De plus, l'article 7 du projet de loi de finances pour 2001 actuellement en discussion prévoit une nouvelle réduction à 25 % en 2001, puis à 15 % en 2002. En application des conventions fiscales, ces nouveaux taux concernent également les non-résidents. Ainsi, si les dispositions de l'article 7, que nous allons examiner dans un instant, sont adoptées, le montant de l'avoir fiscal après retenue à la source dont bénéficiaient les personnes morales étrangères, qui était de 42,50 francs avant 1999 pour un dividende de 100 francs, serait ramené à 12,75 francs en 2002, compte tenu de la baisse du taux programmée à l'article 7.
Cette diminution me semble donc aller dans le sens de l'amendement déposé par Mme Beaudeau, MM. Foucaud, Loridant et les membres du groupe communiste républicain et citoyen.
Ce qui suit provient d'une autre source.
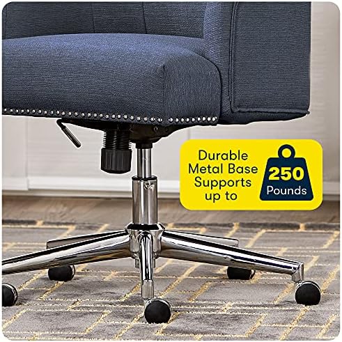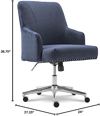 This upholstered desk chair adds a touch of modern elegance to any workspace. Expertly wrapped in tasteful neutral fabric with chrome accents around the base, this fabric office chair is an ideal choice for those who want the functionality of a traditional office chair without sacrificing the integrity of their interior design. A memory foam seat with pocket coils delivers renowned Serta comfort while you work, and a height-adjustable frame allows you to tailor the rolling office chair to your professional space. The stainless-steel stand is designed for effortless 360-degree swivel and all-surface casters offer easy mobility, giving you the perfect mix of functionality and style in your home office.

Dans ces conditions, je leur demande de bien vouloir le retirer, d'autant que le Gouvernement a demandé que soit adressé au Parlement un rapport sur la réduction des transferts d'avoir fiscal au profit des personnes morales étrangères qui servira de base à la définition des étapes ultérieures, et l'on me dit que ce rapport devrait être déposé pour le 15 mars 2001.
M. le président. Je vais mettre aux voix l'amendement n° I-118.
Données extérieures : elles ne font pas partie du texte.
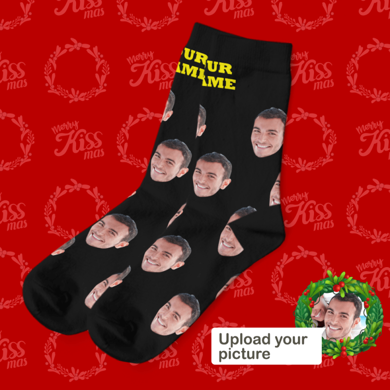 Custom Face Socks With Your Text 3D Preview Colorful Socks Christmas Gifts

M. Jean Chérioux. Je demande la parole contre l'amendement.
M. le président. La parole est à M. Chérioux.
M. Jean Chérioux. Je suis contre cet amendement pour les raisons qui ont été évoquées par Mme le secrétaire d'Etat elle-même.
M. Foucaud a dit que j'avais les yeux braqués sur le CAC 40. Ce n'est absolument pas vrai, mais peu importe. C'est l'image qu'il voulait donner de moi. Il a tort. Pour ma part, je suis beaucoup plus intéressé par l'épargne salariale.
Puisqu'il a évoqué ma modeste personne, je voudrais lui dire qu'il n'a rien compris à l'avoir fiscal. En effet, l'avoir fiscal, c'est la suppression de la double imposition.
M. Yves Fréville. Effectivement !
M. Jean Chérioux. Si une société ne distribue pas de dividende, elle acquitte 33,33 %. En revanche, si elle en distribue, elle paie 33,33 % et il reste quelque 66 %, lesquels seraient à nouveau imposés par exemple au taux de 50 % ; je prends ce pourcentage pour plus de facilité. Il y aurait donc une double imposition. L'avoir fiscal a pour objet de neutraliser l'impôt qui a été payé au niveau de la société en le considérant comme une sorte d'acompte sur ce que paie l'actionnaire. C'est pourquoi on accorde à celui-ci un avoir fiscal correspondant à 50 % du montant du dividende. Mais, monsieur Foucaud, vous et vos amis, vous oubliez toujours de dire que cet avoir fiscal, qui n'est pas versé à l'actionnaire, est imposé au titre de l'impôt sur le revenu. En effet, l'actionnaire acquitte l'impôt non seulement sur le dividende qui lui est versé, mais également sur le montant de l'avoir fiscal qu'il n'a pas encaissé. Il ne s'agit donc pas d'un cadeau. Vous affirmez qu'il s'agit d'un cadeau parce que vous essayez d'embrouiller les choses. Mais cela ne correspond pas à la réalité. Quand on évoque un problème, il convient de l'exposer à fond, sinon il faut renoncer à en parler.
M. le président. Personne ne demande plus la parole ?...
Je mets aux voix l'amendement n° I-118, repoussé par la commission et par le Gouvernement.